Site-specific mutagenesis

The use of site-specific mutagenesis to introduce amino acid point mutations has been a widely employed method to confer enhanced properties to protein-based therapeutics29. A classic example of this has been in the development of insulin variants with different kinetics of action. (Supplementary Table S1). For instance, the substitution of asparagine by glycine at amino acid 21 of the α chain and the addition of 2 arginines to the β chain gives rise to insulin glargine, a long-acting variant with duration of action up to 24 h30. These amino acid modifications increase the isolectric point (pI) of the structure towards physiological pH, resulting in precipitation upon injection and therefore a decrease in absorption rate29. In other cases, substitutions can be made that decrease self-association and increase the rate of absorption30. Insulin glulisine, for example, has a modified amino acid sequence wherein β chain asparagine (position 3) and lysine (position 29) are exchanged with lysine and glutamic acid, respectively31. The subsequent decrease in pI from 5.5 (native insulin) to 5.1 promotes increased solubility with less propensity for hexamer formation, leading to fast-acting effect.

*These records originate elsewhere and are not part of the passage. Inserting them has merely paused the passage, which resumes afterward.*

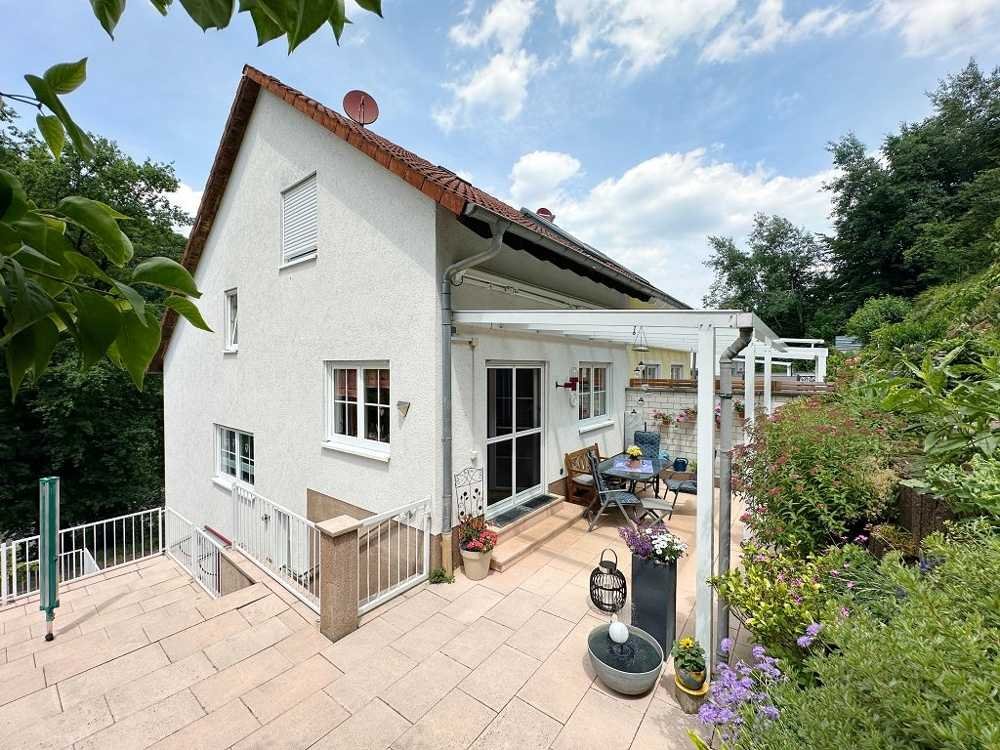 Das Grundstück in Hanglage ist ein wahres Schmuckstück – liebevoll terrassiert mit mehreren Sitzebenen und üppiger Begrünung. Die überdachte Hauptterrasse mit elektrischer Markise grenzt direkt an den Wohnbereich und lädt zu entspannten Stunden mit Blick ins Grüne ein. Eine separate Garage mit Dachterrasse ergänzt das Angebot um ein weiteres Highlight.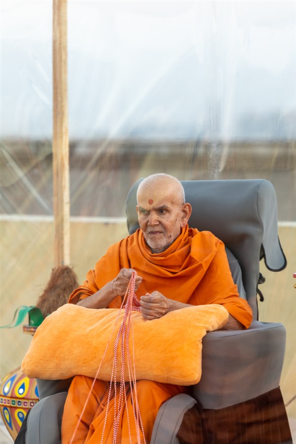 Swamishri turns the mala in his daily puja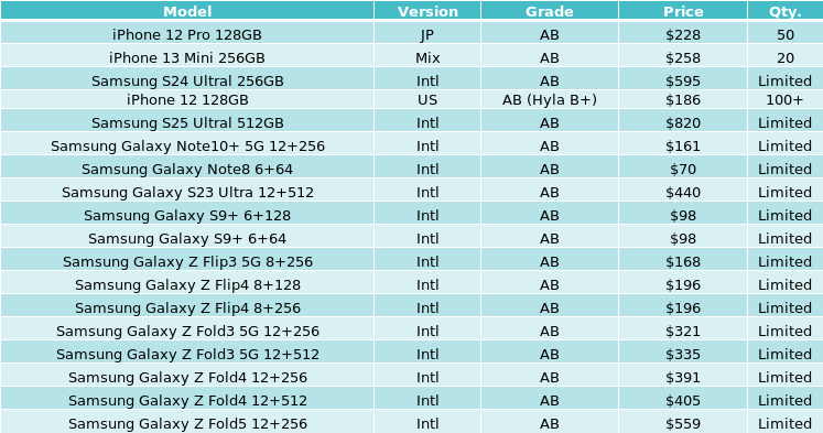 Giggle Trade Price List of Used & Refurbished Phones - 2025-09-04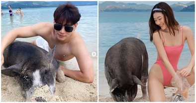 รูปนั้นถ่ายให้เขาเองไหม"ผมถ่ายเอง ก่อนเขาจะลงผมบอกเขาเลยว่าลงก็ลงไปเลยครับ ก่อนที่เขารู้จักผมเขาเป็นแบบนี้อยู่แล้ว ชอบแต่งตัว ผมว่าอย่าไปโฟกัสชุดว่ายน้ำเลย ลองดูทุกรูปในไอจีเขาซิ เขาค่อนข้างเป็นฝรั่ง ใส่เสื้อขายแบรนด์เป็นงานของเขา"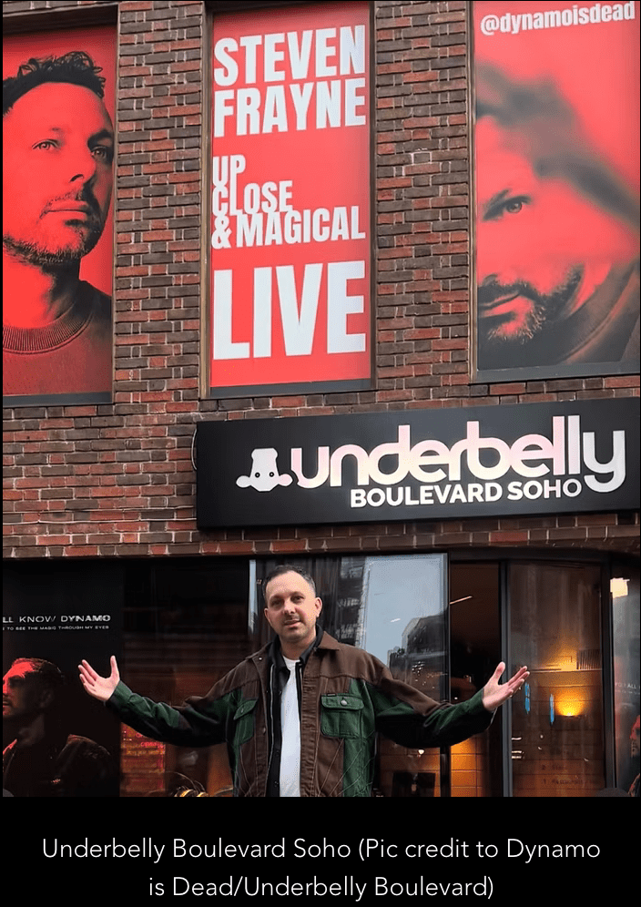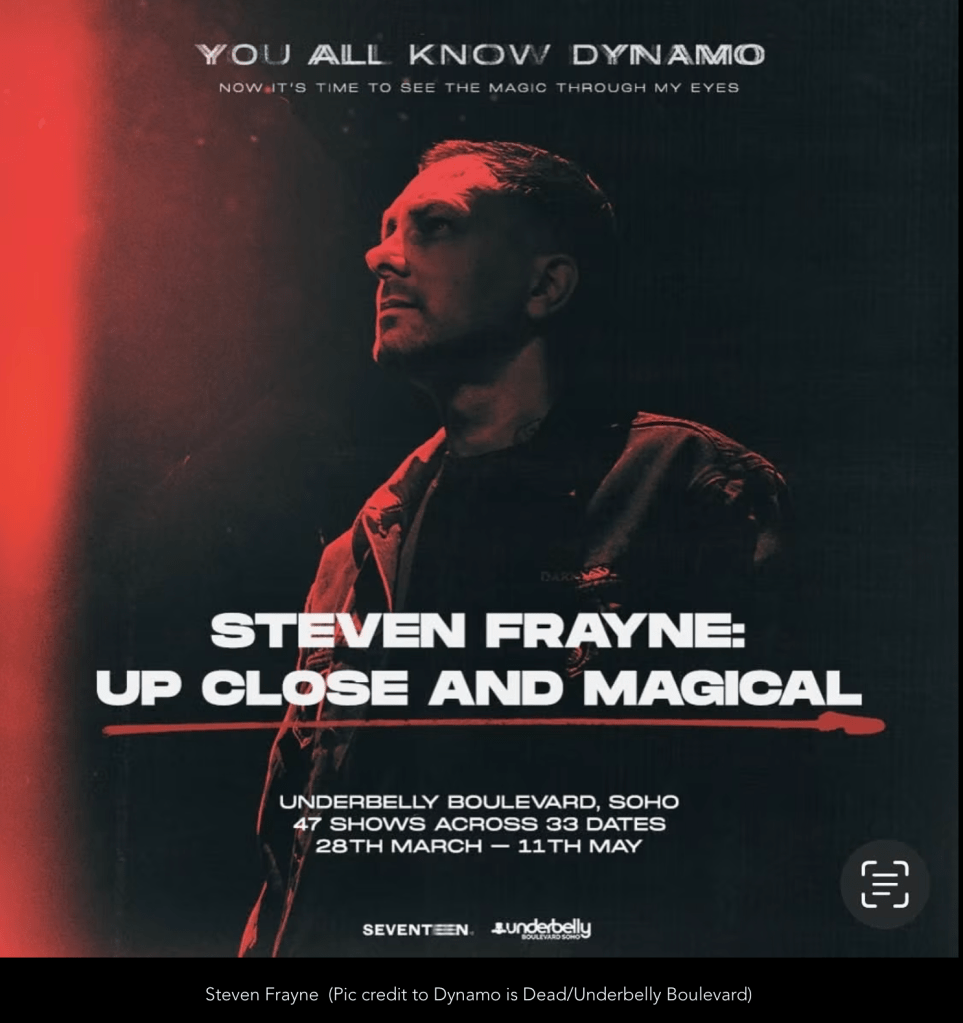 “A slick and well-received stage show which culminated in three standing ovations. Steven Frayne (Dynamo is dead) takes the audience on a journey where he reflects on his career, life’s challenges, and his illness while examining magic, tricks, and illusions. Demonstrating why he is one of the world’s leading magicians, he performs close-up magic while showcasing his skills to handle playing cards (cardistry), coins, signature moves, and much more. Throughout, Steven adds excellent narration and storytelling during this mesmerising show, while conveying a very sincere and vulnerable side of being human when talking about more personal subject matter. He leaves you with no doubt that he is genuinely enjoying himself on stage and that he is most passionate about sharing and creating magical experiences for all present. A confident and perfect set that was well received by a very receptive audience who are pleased to see Steven back on stage. Breathing new life into close-up magic with heavy influence from Steven’s/Dynamo’s street magic roots. The Underbelly Boulevard performance space/theatre setting in Soho is perfectly intimate and likely provides fantastic views for all during this very interactive show. The best and most entertaining of all the magic shows that I have witnessed which will be hard to beat, setting a new standard and expectation for others to achieve. Steven highlights throughout his set why he has gained the high levels of success. Don’t pass up on the opportunity to see Steven (aka Dynamo is dead) perform at close range. The must-see magic show of 2025!”

Targeted mutations can also be used for tuning protein stability in solution, resulting in more robust formulations less prone to unwanted aggregation. A well-established modification involves the substitution of free cysteines with other amino acids such as serine to prevent the formation of non-native disulfide bonds or oxidation of cysteine residues leading to thiol adducts or cysteic acid32. This strategy has been employed in various FDA-approved protein therapeutics, including aldesleukin (Proleukin), interferon β1b (Betaseron), and pegfilgrastim (Neulasta). To explore a more general strategy, Trout et al. developed spatial aggregation propensity (SAP), a molecular dynamics-based simulation technique for identifying key regions in proteins that drive aggregation33. Based on this information, they were able to make specific mutations that enhanced stability compared to the native protein.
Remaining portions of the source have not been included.